6.2 Licensor will not provide to Licensee any support services of any kind (including but not limited to technical assistance for the installation of the Licensor’s Phase1IPR Repositories, and its use, hardware support, maintenance in operational conditions or training).
6.3 Licensor and Licensee has no obligation to provide to the other Party any updates and upgrades of their respective Phase1IPR Repositories the other Party.
6.4 Nothing in this Agreement shall be considered as an obligation for any Party to conduct research to improve the Phase 1 IPR Repositories.
Licensee may modify or improve the Licensor Phase1IPR Repositories and generate Improvements on the Licensor’s Phase1IPR Repositories. Licensee has no obligation to inform or share such Improvements with the other Party. Licensor has no obligation to inform or share Improvements he may have made on its own Phase 1 IPR Repositories with the other Party.
However, a Licensee is not authorized to integrate (or link) any Open Source Software within(with) the Licensor Phase 1 IPR, it redistributes without prior approval of the other Party. Shall a Licensee be willing to integrate or link Open source software with within) the Licensor Phase 1 IPR, it redistributes, the Licensee willing to make such integration (or linking) shall provide the other Party with the necessary information (such as intented use and applicable Open source License) in order for such other Party to assess the potential impact and risk on the Licensor Phase 1 IPR.
Licensee shall retain all right, title and interest in and to the Improvements developed by Licensee as a derivative work using Licensor Phase 1 IPR Repositories it may generate during the term of its right of use granted under this Agreement and/or under the Prior Agreements, and is free to use such Improvements without restriction worldwide, subject always to the Intellectual Property Rights owned by the other Party on its respective Phase 1 IPR Repositories and the Open source software provisions above.
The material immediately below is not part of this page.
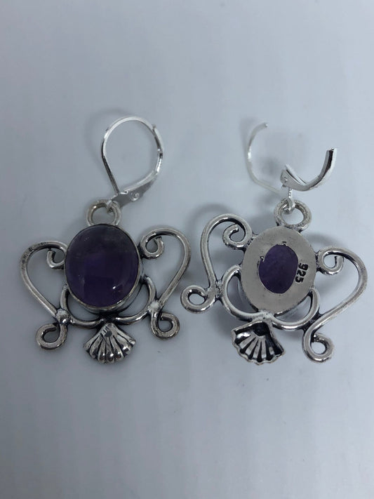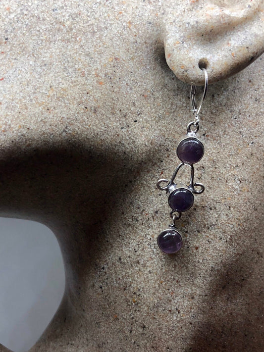 Vintage Sterling Silver Purple Amethyst Lever Back Earrings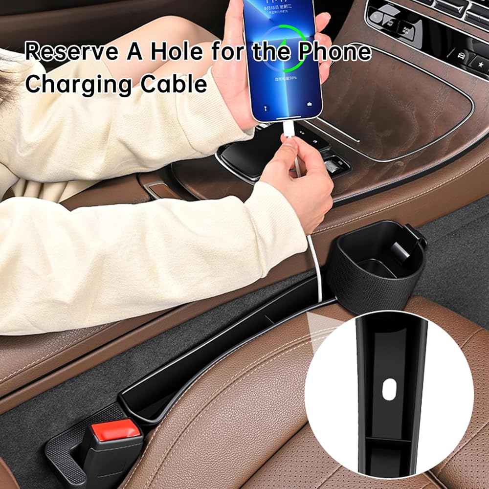 End Frustrating Drops & Searches - Tired of losing your phone, keys, or coins in the abyss between your seat and console? Our car seat gap filler acts as a seamless barrier, solving this common annoyance and keeping your essentials within easy reach for a safer, more organized drive. Premium TPE Material: Safe, Durable & Flexible - Crafted from high-quality, this gap filler is soft yet incredibly durable. It boasts excellent elasticity to fit snugly without scratching your seats, and remains stable through temperature extremes, ensuring long-lasting performance. 2-in-1 Design: Fall Protection Barrier + Handy Organizer - More than just a filler, it features a convenient storage slot for cards, coins, or toll tickets. The integrated bottom charging port allows you to route a cable neatly, enabling easy phone charging without cluttering your cabin. Universal Fit and 10-Second Installation — Specifically designed for center console spaces where the console sits higher than the seat and the gap exceeds 1 inch. these seat covers are plug-and-play: simply slide them into the gap for secure placement. The custom cutout ensures perfect alignment with the seatbelt buckle, without interfering with seat adjustment functionality.

ARTICLE 7– USE OF OPEN SOURCE SOFTWARE AND THIRD PARTY SOFTWARE
7.1 Licensor hereby notifies Licensee and Licensee hereby acknowledges and accepts, that the Licensor Phase 1 IPR Repositories may contain Open Source Software (modules,) as defined in Article 1. A list of the Open Source Software used or provided in the frame of this Agreement with or as part of the Licensor Phase 1 IPR Repositories and its corresponding licenses is provided as part of the readmefiles provided with Documentation and/or in Annexes 1 and 2 of the present Agreement.
In addition, and notwithstanding any other provision of this Agreement, as Open Source Software is by nature distributed without any warranty of any kind (notably, but without limitation, without warranty of non-infringement of Intellectual property rights, without warranty of ownership, and without commercial warranty), Licensee accepts that any Open Source Software provided in the framework of this Agreement is provided without any warranty of any kind.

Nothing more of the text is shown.